Several people find themselves quarantined on a Greek Island during The Balkans War. Among them we have a stern General played with magnificent restraint by Boris Karloff. Others present include a British consul and his invalid wife, a military doctor, an attractive young lady, and an incredibly annoying old Greek peasant women.

And so the group find themselves stuck on this island together, as the plague takes hold and they start to die off. And as if this wasn’t enough, the old Greek woman starts ranting about a Vorvolaka (some sort of Greek vampire sort of thing) being in their midst – and she’s pointing her crooked old arthritic Greek finger straight at the attractive young lady!

What follows is 90 minutes of a beautifully shot and wonderfully acted (especially Karloff) meditation on superstition, science, mortality, war, disease and madness.

It’s a truly haunting movie (no pun intended) with a foreboding atmosphere throughout, a chilling ending that gets right under your skin, and a premature burial thrown in for good measure. Essential viewing for the Horror connoisseur!

10/01/2009

FROM DUSK TILL DAWN (1996)

Day #424

Another trek due north. And the same impossible thing happens as yesterday. I end up BACK at MY igloo - The Igloo of the Uncanny (in case you haven’t been paying attention).

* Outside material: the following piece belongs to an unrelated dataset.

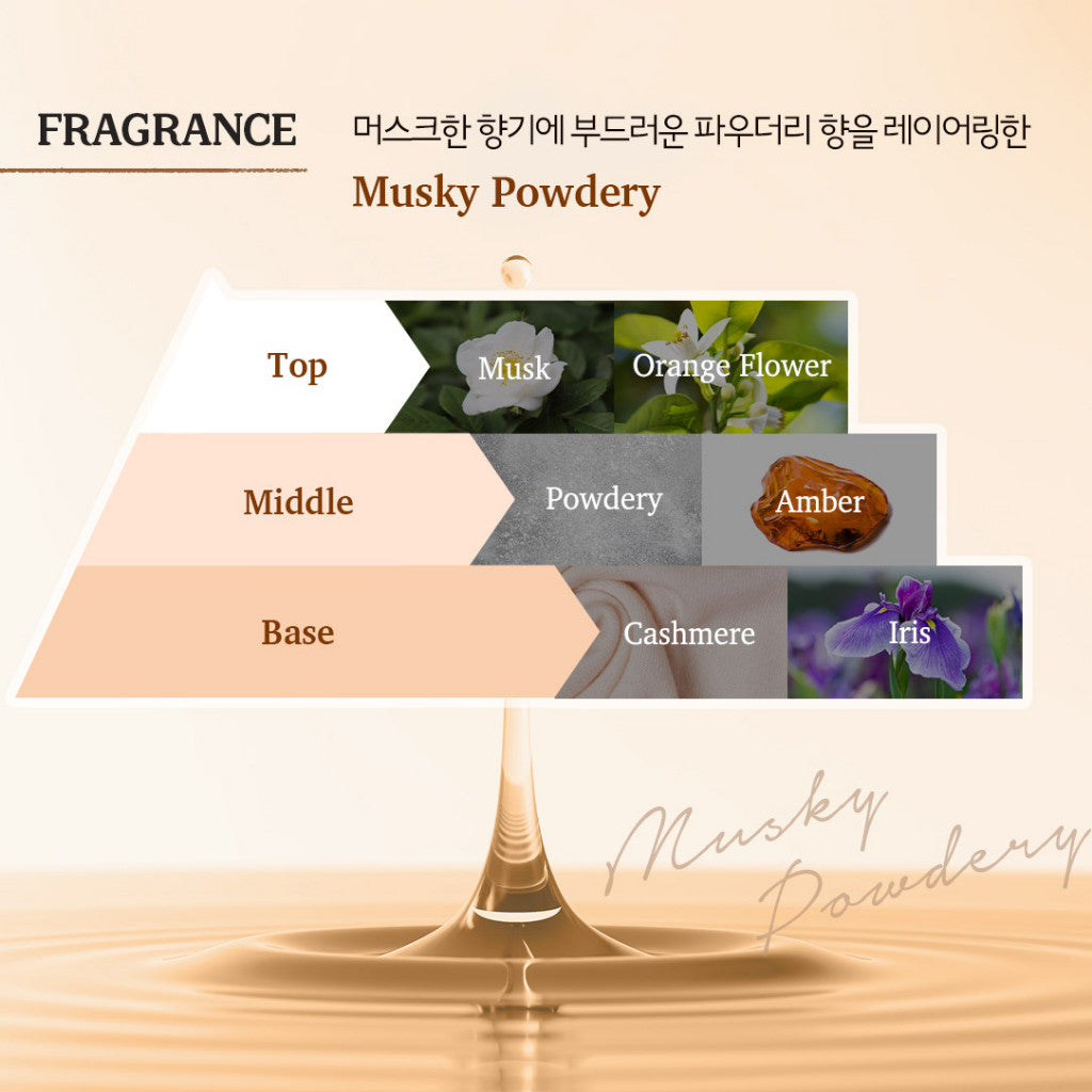 Cyclopentasiloxane, dimethicone, C12-15 alkyl benzoate, disiloxane, PEG-10, fragrance, argan kernel oil, camellia seed oil, silk powder, ceramide NP, hexylcinnamal, benzyl salicylate , linalool, alpha-isomethylionone, butylphenylmethylpropional, limonene, geraniol, hydroxycitronellal, eugenol, citronellol

The mystery deepens when I discover someone has paid a visit! Written on a fresh page of my notebook is an unintelligible phrase, “KOM DERE VEKK IDIOTER!!!”.

What can it mean???

Today's movie appears to be the first one from the 90's... surely another clue...



FROM DUSK TILL DAWN (1996)

Has it really been 12 years? I remember watching this and loving it way back when it first came out – as I'm sure you did – but for some shameful reason I haven’t watched it from start to finish since. I’m delighted I have now though, because I’ve fallen in love with it all over again. Which reminds me of how I met my ex-fiancee again after a long absence. My ex-fiancee who I ended up killing. But that’s another story.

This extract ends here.